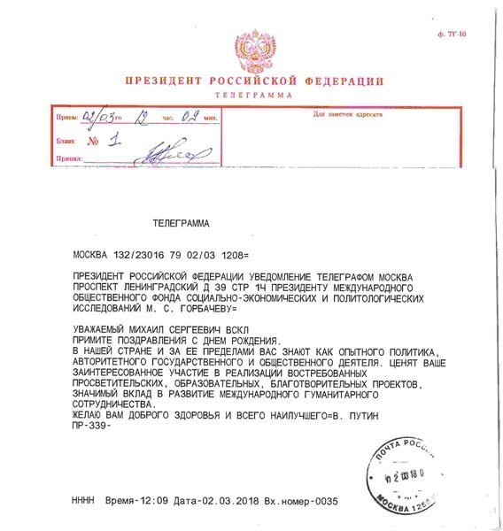 Начнем с того, что 2 марта 2018 года на вопрос журналистов, о чем сожалеет Путин больше всего, он заявил, что о распаде СССР. И здесь же, в этот же день, им направлена поздравительная телеграмма в честь Дня рождения М.Горбачеву со словами восхищения и благодарности в содеянном. Другими словами: «я сожалею о распаде СССР, но глубоко почитаю человека, который это сделал, потому и не отправил его под суд».
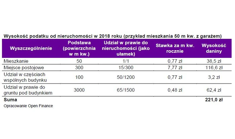 Weźmy pod uwagę konkretny przykład 50-metrowego mieszkania z 15-metrowym miejscem postojowym w garażu podziemnym i załóżmy, że gmina przyjęła maksymalne stawki podatku dopuszczone w 2018 roku. Efekt? Za 50 metrów lokum podatek wynieść powinien maksymalnie 38,5 zł (77 groszy za metr). Do tego dochodzi udział w gruncie pod budynkiem w łącznej wysokości 65/1500 (działka ma 3000 m kw., a cały budynek 1500 m kw.). Trzeba tu zastosować stawkę 0,48 zł za metr rocznie oraz uwzględnić fakt, że udział właściciela mieszkania w prawie do gruntu wynosi 65/1500. W efekcie z tego tytułu gminie należeć się będzie 62,4 zł rocznie.
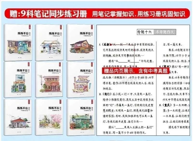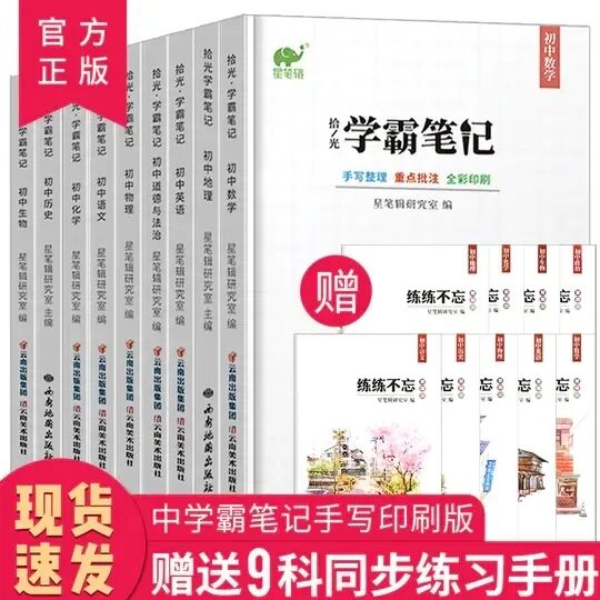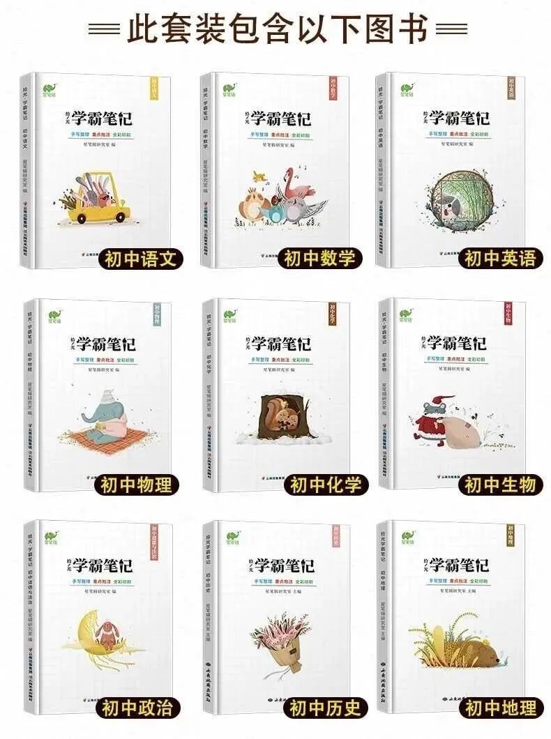 同时,这套书也有初中生版的,分别包含语文、数学、英语、政治、历史、地理、生物、化学、物理9大学科,同时附赠各科对应练习册。
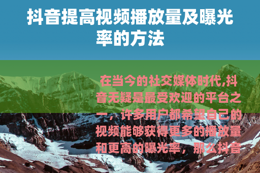 在当今的社交媒体时代,抖音无疑是最受欢迎的平台之一,许多用户都希望自己的视频能够获得更多的播放量和更高的曝光率,那么抖音有哪些有效的手段可以实现这一目标呢?
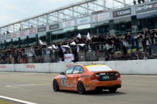 Nürburgring/Rüthen•. Der MSC Bergstadt Rüthen Pilot beendete am vergangenen Wochenende sein erstes 24h Rennen am Nürburgring. Das Wochenende für das Hellboys Racing Team das neben den Stammfahrern der VLN Michael Mönch und Jan von Kiedrowski auf die Unterstützung des Südkoreaners Jang Han Choi vertraute war geprägt von Auf und Abs. Nach dem das Team im ver-gangenen Jahr nach 16 Rennstunden wegen eines Unfalls nach einem Reifenplatzer vorzeitig aus-schied wurde der BMW 325i vor dem Rennen quasi generalüberholt um jegliches technisches Risiko aus zu schließen. Im ersten Qualifing konnte Frisse noch die zweit schnellste Zeit in der Klasse 4 V erzielen. Als er zum Schluss des zweiten Qualifings noch einmal auf eine heiße Runde gehen wollte, verhinderte jedoch ein Reifendefekt eine Zeitverbesserung. Die Konkurrenz konnte sich noch einmal verbessern und somit ging es von Startposition 5 in das Rennen zwei Mal um die Uhr. Das Team hatte beim Vorbeifahren des Autos ein verdächtiges Surren gehört. Somit wurde in der Nacht Donnerstag auf Freitag noch ein neues Getriebe besorgt, welches die Mechaniker am Freitag ver-bauten. „Man muss sich das mal vorstellen, in der Box gibt es keine Hebebühne Werkstatt. Die Jungs liegen unter dem aufgebockten Auto und tauschen das Getriebe innerhalb von drei Stunden, da kann man nur den Hut ziehen.“ erläuterte Frisse. Startfahrer von Kiedrowski konnte sich bereits in den ersten Runden auf die dritte Position vorarbeiten und diese bis zum Ende seines Stints vertei-digen. Als zweites war Frisse an der Reihe. „Wir fahren zwischen 7 und 8 Runden je nach Benzin-verbrauch d.h. ca. 1,5h danach geht es ab an die Box. Riefenwechsel, Scheibe putzen, 60 Liter Sprit rein, ein kurzer check ob alle Flüssigkeitsstände passen und den Fahrer gewechselt nach ca. 2 Minu-ten Standzeit geht das Fahrzeug wider auf die Piste.“ erläutert Frisse. Während seiner ersten 1,5h hinterm Lenkrad konnte Frisse sich auf Position 2 in der Klasse verbessern. Nacheinander spulten alle Fahrer Ihre Runden ab und man lag um 23 Uhr auf einem guten dritten Platz in der Klasse. Dann kam plötzlich Hektik auf in der Box, von Kiedrowski gab über Funk Bescheid, dass es auf Teilen der 25km langen Strecke begonnen hatte zu regnen und er kaum noch etwas sehen könne da die Scheibe Ölverschmiert sei. Er steuerte die Box an und gab die Devise vor, Intermediate Reifen (geschnittene Slicks) drauf zu ziehen, da nur ca. 60% der Strecke nass sei. Somit musste Frisse nun nicht nur bei völliger Dunkelheit sondern auch noch im Regen mit bis zu 245 km/h durch die Eifel „fliegen“. Da die zahlreichen Fans die das ganze Wochenende an der Nordschleife campen in der Nacht nicht frieren wollen, machen sie sich natürlich ein Feuer. Was bei trockenen Verhältnissen kein Problem ist wird im Regen schon kritischer, da die Feuer stark qualmen, ist es an manchen Streckenabschnitten so als ob man in eine Nebelwand hineinfährt. „Diese schwierigen Verhältnisse führen dazu, dass wir auch mit unserem kleinen Auto einige stärkere Konkurrenten á la Porsche und Co überhohlen können,“ erzählt Frisse mit einem Grinsen auf dem Gesicht. Jedoch genau dies wur-de Ihm zum Verhängnis. Er setzte sich in einer links Kurve innen neben einen rund 120 PS stärkeren Konkurrenten um diesen zu überhohlen. Jedoch muss dieser so mit sich selbst beschäftigt gewesen seien, dass er Frisse übersah. Auch er lenkte ein und traf Frisse am rechten Hinterrad. Dies ist eigentlich nicht möglich ärgerte er sich, wenn er mich am Hinterrad trifft bin ich schon so weit an Ihm vorbei, dass er mich gesehen haben muss. Das Rad stand komplett schief und somit musste ich zur Reparatur an die Box kommen. Die Boxenmannschaft hat einen super Job gemacht, jedoch ha-ben wir mehr als eine Stunde verloren. Eine Podest Platzierung war somit in weite Ferne gerückt, jedoch waren immer noch 16 Stunden zu Fahren. Aufgegeben wird beim 24 h Rennen nicht, das erste Ziel ist es diesen Marathon zu beenden. Nach der Reparatur ging das Team mit 7 Runden Rückstand und als letzter in der Klasse wieder zurück auf die Strecke. Durch konstant schnelle Runden konnte sich das Team noch auf den 6 Platz in der Klasse und den 63 Gesamtrang von mehr als 150 Startern verbessern. „In erster Linie bin ich einfach nur glücklich dieses unbeschreibliche Rennen beendet zu haben, klar hatten wir auf einen Podest Platz spekuliert, jedoch kann sich jeder der zu Ende gefahren hat als kleiner Sieger fühlen.“ freut sich Oliver Frisse. Nun gilt es den Focus auf die restlichen 8 Läufe der VLN Langstreckenmeisterschaft zu setzen um hier noch den einen oder anderen Pokal einzufahren.

━━━━━━━━

## EXERCISE AIM
Restate the material word for word from its first line through the line containing "Weźmy pod uwagę", both included; the pictures do not belong in it.

## ANSWER SPACE
 Начнем с того, что 2 марта 2018 года на вопрос журналистов, о чем сожалеет Путин больше всего, он заявил, что о распаде СССР. И здесь же, в этот же день, им направлена поздравительная телеграмма в честь Дня рождения М.Горбачеву со словами восхищения и благодарности в содеянном. Другими словами: «я сожалею о распаде СССР, но глубоко почитаю человека, который это сделал, потому и не отправил его под суд».
 Weźmy pod uwagę konkretny przykład 50-metrowego mieszkania z 15-metrowym miejscem postojowym w garażu podziemnym i załóżmy, że gmina przyjęła maksymalne stawki podatku dopuszczone w 2018 roku. Efekt? Za 50 metrów lokum podatek wynieść powinien maksymalnie 38,5 zł (77 groszy za metr). Do tego dochodzi udział w gruncie pod budynkiem w łącznej wysokości 65/1500 (działka ma 3000 m kw., a cały budynek 1500 m kw.). Trzeba tu zastosować stawkę 0,48 zł za metr rocznie oraz uwzględnić fakt, że udział właściciela mieszkania w prawie do gruntu wynosi 65/1500. W efekcie z tego tytułu gminie należeć się będzie 62,4 zł rocznie.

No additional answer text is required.